The Marchioness’s Death and Its Aftermath
Dorothée recounts to Emily that the doctor arrived too late to save the late Marchioness, and was visibly shocked to find a frightful blackness had spread across her face shortly after her death. After sending attendants out of the room, the doctor questioned Dorothée intently about the circumstances of the Marchioness’s seizure, hinting he suspected something unnatural but refusing to elaborate, and ceased speaking to Dorothée about the Marchioness entirely after holding a long private meeting with the bereaved Marquis.

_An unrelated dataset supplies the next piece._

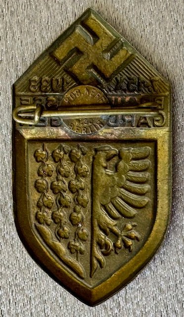 Braune Messe Gardelegen 7.- 15. X. 1933 Tinnie, metal pinback, 24mm x 46mm
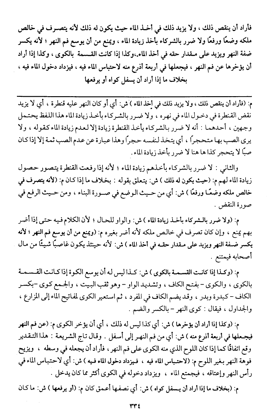 فأراد أن ينقص ذلك، ولا يزيد ذلك في أخذ الماء حيث يكون له ذلك لأنه يتصرف في خالص ملكه وضعا ورفعا ولا ضرر بالشركاء بأخذ زيادة الماء، ويمنع من أن يوسع فم النهر؛ لأنه يكسر ضفة النهر ويزيد على مقدار حقه في أخذ الماء، وكذا إذا كانت القسمة بالكوى،

The Marquis’s Grief and Abandonment of the Château
After learning of his wife’s death, the Marquis shut himself away from all visitors except the doctor, and sank into such deep, unrelenting melancholy and occasional violent outbursts that those around him feared he had lost his sanity. He soon left the château to join his regiment and fight in the war, never returning to the estate despite its grandeur, leaving the unfinished luxurious rooms he had been building on the château’s west side permanently sealed, and the property largely deserted for years until the Count’s arrival.